New International Health Insurance

Aviva have recently launched a new private medical insurance product for people who live abroad. International Solutions is a flexible plan that offers different options for Brits who live abroad.

In the UK we have a fantastic base level of care in the NHS and, bar a few charges, its free for all UK citizens but what about UK citizens who live and work abroad? Different countries offer different levels of health care and for those who want to ensure they keep receiving good care private medical insurance is a very attractive option.

International Solutions offer a comprehensive core policy with a variety of add-on options that will enable people to choose different modules including:
  • Wellness, Dental and Optical
  • Increased Out-patient
  • Compassionate Travel
  • Maternity
International Solutions is offered to both individual and corporate clients and cover costs vary according to where you are in the world. If costs are cheaper in one area then they are reflected in the premiums that you pay and if you are in a more expensive band you will also be covered in areas that are less expensive than yours.
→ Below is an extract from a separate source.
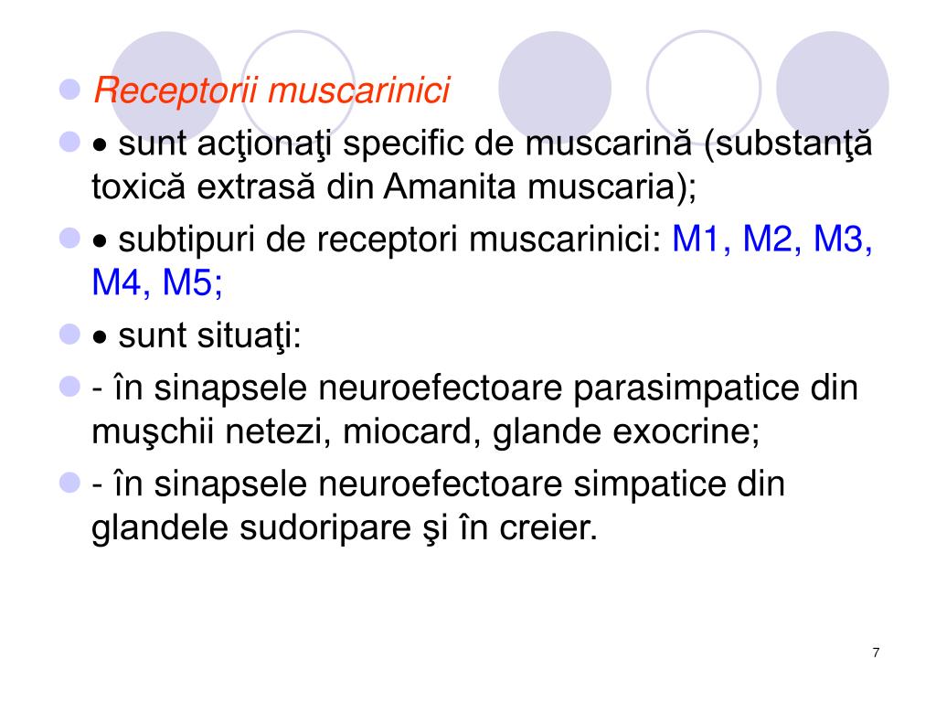 Receptorii muscarinici • sunt acţionaţi specific de muscarină (substanţă toxică extrasă din Amanita muscaria); • subtipuri de receptori muscarinici: M1, M2, M3, M4, M5; • sunt situaţi: • - în sinapsele neuroefectoare parasimpatice din muşchii netezi, miocard, glande exocrine; • - în sinapsele neuroefectoare simpatice din glandele sudoripare şi în creier.

Andrew Turner, Aviva’s head of international, said:

'As Aviva’s healthcare arm, we’ve a wealth of experience in the global market and recognise that healthcare provision differs across the world. With budgets tight, both corporate and individual customers need the flexibility to be able to tailor their medical insurance to suit their needs and to complement the healthcare provision in their country of residence.

Offering one of the widest choices of modules available in the market, International Solutions enables them to do just that. And, with additional benefits such as the medical information helpline providing topical information on anything from vaccinations to swine flu, we believe that International Solutions offers some of the most comprehensive benefits in the market.'

Premiums can be reduced in the following ways:
  • Increasing excess
  • Reduced Out-patient cover
  • Reducing Additional Benefits
One interesting thing with International Solutions is that it includes a limited amount of cover for the maintenance of chronic conditions. Normally health insurance does not cover chronic conditions. This may give peace of mind particularly if you are new in a country and unused to its medical system.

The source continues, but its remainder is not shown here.